Déjà six noms sérieux se détachent. Évidemment Vinci, déjà actionnaire d’ADP à 8% et candidat déclaré de longue date. Il est proche de l’actuel actionnaire Predica, l’assureur du Crédit Agricole, qui est prêt à réinvestir dans le groupe. Il le serait aussi de la Caisse des Dépôts du Québec (CDPQ). Deux autres industriels sont sur les rangs. D’abord, l’espagnol Ferrovial, déjà propriétaire de l’aéroport londonien d’Heathrow, a confirmé à BFM Business s’intéresser à la privatisation d’ADP.

L’italien Atlantia a été pendant de longs mois le principal rival du français Vinci. Il a racheté à l’État l’aéroport de Nice en 2016, mais l’effondrement du pont de Gênes l’été dernier, dont il est le concessionnaire, handicape sa candidature. « Nous n’avons pas de signe qu’ils ont renoncé, tente de rassurer Bercy. Mais il est vrai que leur participation à la privatisation sera compliquée ». Plusieurs grands fonds d’investissement spécialisés dans les infrastructures sont également sur les rangs. Trois noms se dégagent : IFM, GIP et Macquarie. Le premier est « très motivé », expliquent plusieurs sources proches du dossier. « Ils s’équipent de banques et d’avocats et cherchent des partenaires financiers pour monter un consortium », ajoute l’une d’entre elles.

IFM aurait déjà pris contact avec des fonds canadiens et australiens pour l’épauler. Il est d’ailleurs déjà propriétaire de plusieurs aéroports en Australie, ainsi que ceux de Vienne et Manchester en Europe. Macquarie, bien connu en France pour avoir participé à la privatisation de l’aéroport de Lyon, est aussi l’un des favoris pour celle de Roissy et Orly. Il pourrait s’allier à GIC, le fonds souverain de Singapour, avec qui il dispose d’un partenariat au niveau mondial. Enfin, GIP - Global infrastructures Partners - est aussi en lice. Il est déjà propriétaire de l’aéroport londonien de Gatwick et de celui d’Edimbourg. Quoi qu’il en soit, tous ces candidats devront s’accorder avec Schipol, les aéroports néerlandais, qui détiennent 8% d’ADP. Selon plusieurs sources, ils souhaitent rester actionnaires après la privatisation. Ce serait aussi le cas de l’assureur Predica, qui détient 5%.

Tout sauf Vinci

Tous seront très attentifs au processus de vente que l’État mettra en place. «On veut la garantie que l’État ne favorisera pas Vinci, assure le responsable d’un de ces grands fonds.
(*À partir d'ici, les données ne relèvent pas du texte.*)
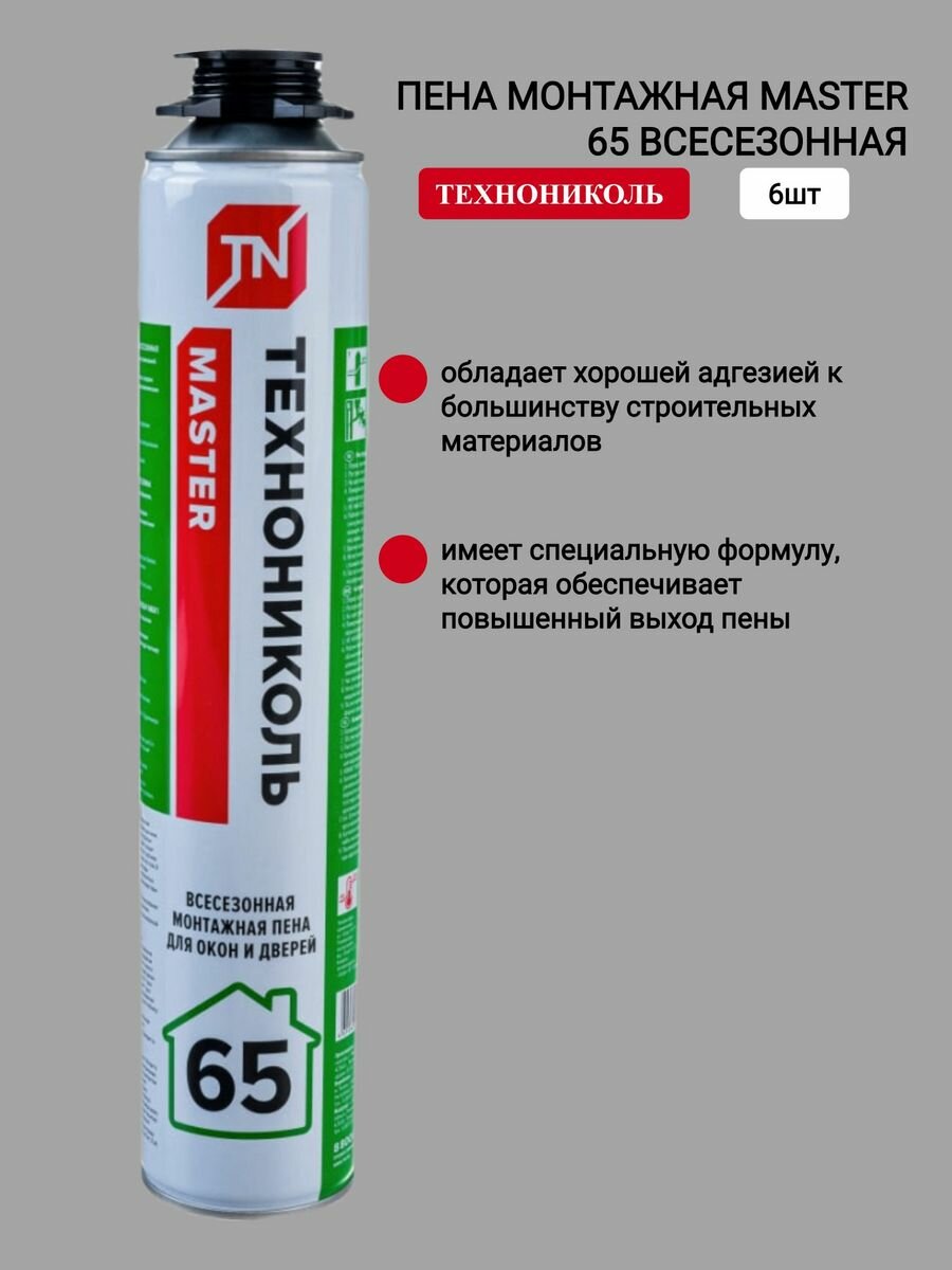 Отзывы на Монтажная пена Технониколь MASTER 65, профессиональная, 65 л, 6 баллончиков

Lors de la privatisation de l’aéroport de Lyon, on a eu le sentiment que l’État a rajouté un tour d’enchère pour aider Vinci à remporter la mise ». Une accusation que Bercy réfute, répondant que la vente de l’aéroport de Nice aux italiens d’Atlantia est bien la preuve que l’État n’est pas hostile aux étrangers.

Au ministère de l’Économie, on assure que le processus de privatisation sera « transparent » et que le « seul critère de sélection sera le prix ». De quoi rassurer les candidats sur leurs soupçons de favoritisme. Vinci reste le grand favori, que tout le monde craint dans cette privatisation. À commencer par ADP. Bien qu’il s’en défende, le groupe préfèrerait d’abord ne pas être vendu à un seul actionnaire. Et surtout pas Vinci ! « ADP milite pour que l’État conserve une participation à son capital ou vende plusieurs blocs de sa part de 50,6% », décrypte un bon connaisseur. Mais depuis le début, l’État cherche à vendre la totalité de sa participation de contrôle pour maximiser ses recettes. Il se murmure que le propriétaire de Roissy et Orly verrait d’un bon œil la candidature du fonds d’infrastructure IFM.

Un repreneur qui permettrait à Aéroport de Paris et à sa direction de continuer à évoluer en tant que tel. Alors qu’un rachat par un industriel comme Vinci sera synonyme d’intégration et de la mise en place d’une nouvelle direction aux couleurs du groupe.